Haven't quite had your fill? Here's some theory. |
Fractional Degrees of Freedom
One particular
thorny notion about equivalent degrees of freedom is that we can end
up working with a number of degrees of freedom that are not whole
numbers. Given that each independent data point yields 1 DF, that's a
little bizarre.
First, we calculate
equivalent degrees of freedom, sometimes we're using it to calculate
something that is a composite of two or more measures. The contrast
(e.g. difference) between the two means in the two sample t-test, for
example, involves calculating two different standard deviations, so
we're already straying from that idea of 'the amount of information
going into a single estimate'.
Second, that word
INDEPENDENT is a big one.
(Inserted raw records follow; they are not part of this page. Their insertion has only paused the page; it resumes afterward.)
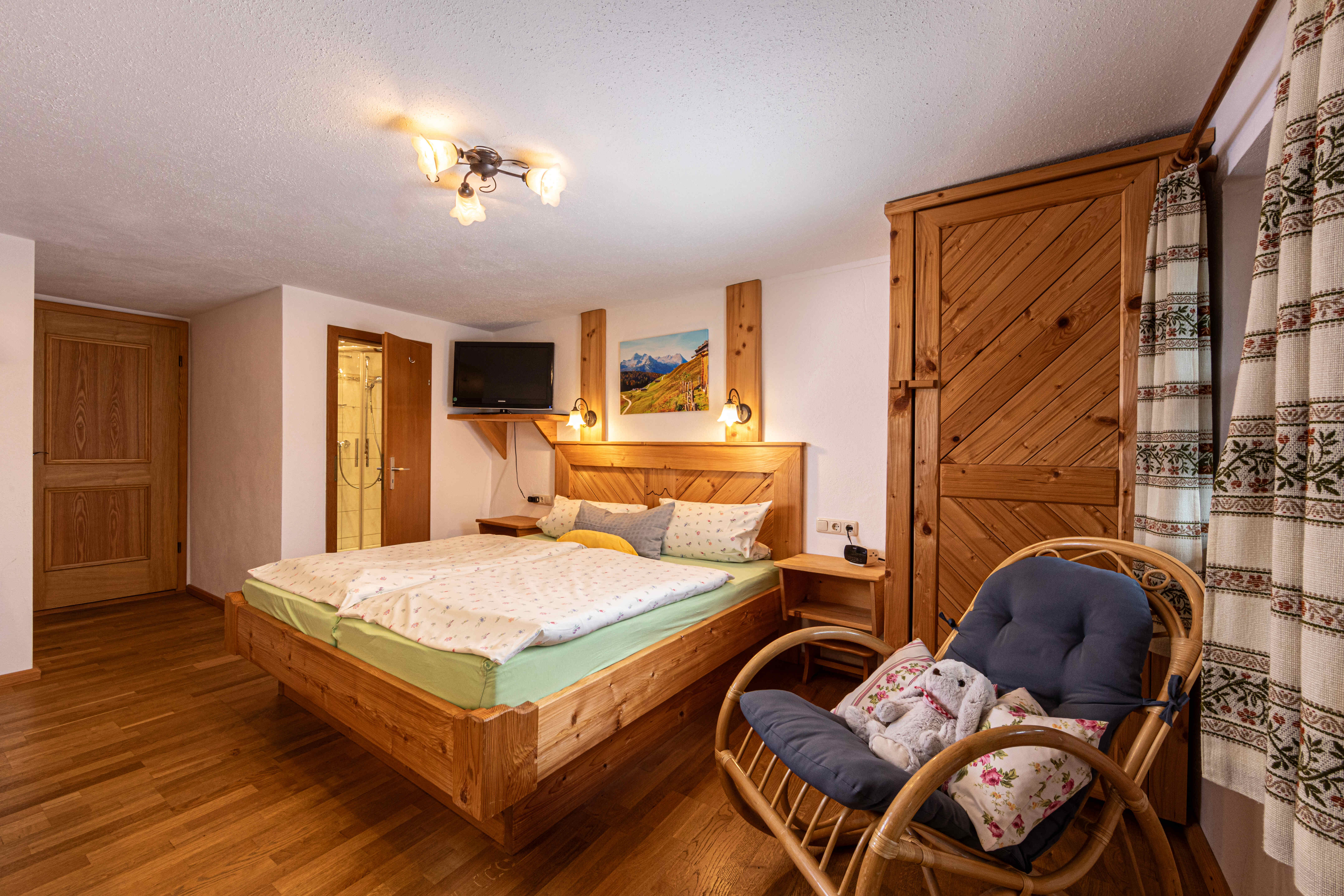 Alle Zimmer verfügen über Dusche/WC, Fön, Betten (Länge 2m), Radiowecker, großen Flat-TV, Safe, Kühlschrank, zum Teil Mini-Stereoanlage. Alle Zimmer haben Balkon mit Blick auf die Berge.
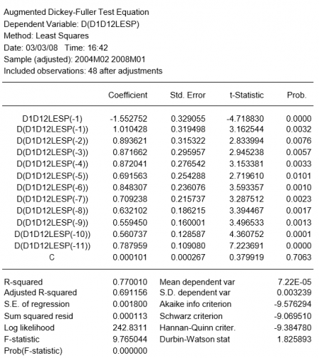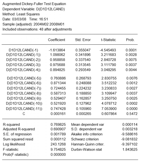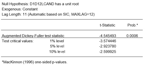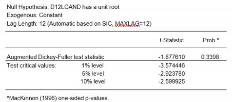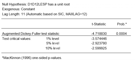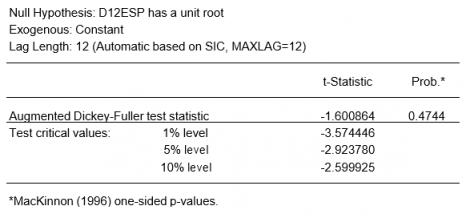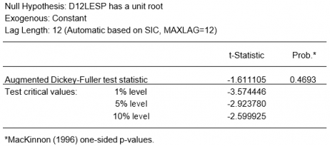 Para un análisis más formal, realizamos un test D-F de raíces unitarias cuyos resultados, mostrados a continuación, confirman la necesidad de tomar una diferencia adicional.
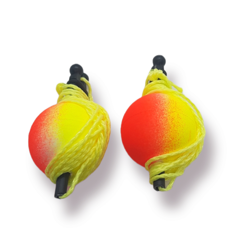 Průměr 25 mm, čihátko se používá mezi očka prutu, na vlasec se připne pomocí plastového klipu, gumička slouž k nastavení přítlaku Pletená šňůrka je 1m dlouhá a přiváže se k vidličce. Vyrobeno z polystyrénu. V balení 2 ks....

If we have 10 completely independent
observations, then we have a sample of size N=10. But, if those
observations are correlated in some way (e.g. in a time series, like
the day-to-day average temperature), then each new recorded number
isn't giving as much information as a completely independent
observation. In cases like this, we sometimes calculate an 'effective
sample size', which would be somewhere between 1 and N, depending on
how correlated the observations were. That effective sample size
doesn't have to be a whole number, so neither do the degrees of
freedom calculations that are derived from it. (For more on effective
sample size, see psuedoreplication).
Thirdly,
mathematically, there often isn't a problem with using a non-whole
number of degrees of freedom. Both the t-distribution and the
chi-squared distribution work just as well with DF = 3.5 as it does
with DF =3 or DF = 4.
Saturation, DF Bankruptcy
If we ever have 0 DF
left over after estimating all the means, slope parameters, or
another other parameters, then we have what's called a saturated
model. In chemistry, a saturated solution is one that is holding all
the dissolved material that it can. A saturated model is one that is
estimating all the parameters that it can. There is nothing left to
measure uncertainty in those estimates.
For a saturated
ANOVA, we can estimate each of the group means, but we have no way of
knowing how good those estimates are. For a saturated regression, we
can get the intercept and the slope, but we have no way of knowing
how uncertain we should be about those estimates.
In a saturated
model, things like confidence intervals, standard errors, and
p-values are impossible to obtain.
One common solution
to saturation is to impose additional assumptions or restrictions on
the model. In an ANOVA, we might use a fractional factorial model and
not bother to estimate certain high-level interactions. In a
regression, we might treat a set of group effects as random effects,
and not consider them when trying to fit the line of best fit.
In the fractional
factorial case mentioned in ANOVA, this is for multi-way ANOVAs, but
one-way ANOVAs, and the solution is to simply assume that some
higher-order interactions are zero. If you assume they are zero, you
don't need to estimate them.
The LASSO, a
regression-like method that can handle situations where the number of
possible parameters p is greater than the sample size N, works on a
similar principle: it assumes that most of those possible parameters
are zero, thus saving the degrees of freedom necessary to estimate
them.
Mixed-Effects and REML
For the regression
case without random effects, the slopes are traditionally estimated
using a method based on maximum likelihood or ML. In lay-terms, ML is
"given then data that we observe, what are the parameter values
that would have the highest chance of producing data like this".
When we introduce
random effects, REML is used instead, which is short for Restricted
Estimation of Maximum Likelihood. In this case, we only estimate the
non-random effects (that is, the fixed effects, the ones we actually
care about) using maximum likelihood, and then assign the random
effects as after-the-fact adjustments to our predictions. By not
using the random effects in fitting the model, we don't need to spend
any degrees of freedom to estimate them, and we can save those
degrees of freedom for estimating uncertainty instead. Thus either
preventing saturation, or giving better confidence intervals,
standard errors, and p-values. The trade-off is that we still have no
uncertainty measures for the random effects, but that's an acceptable
issue in many cases.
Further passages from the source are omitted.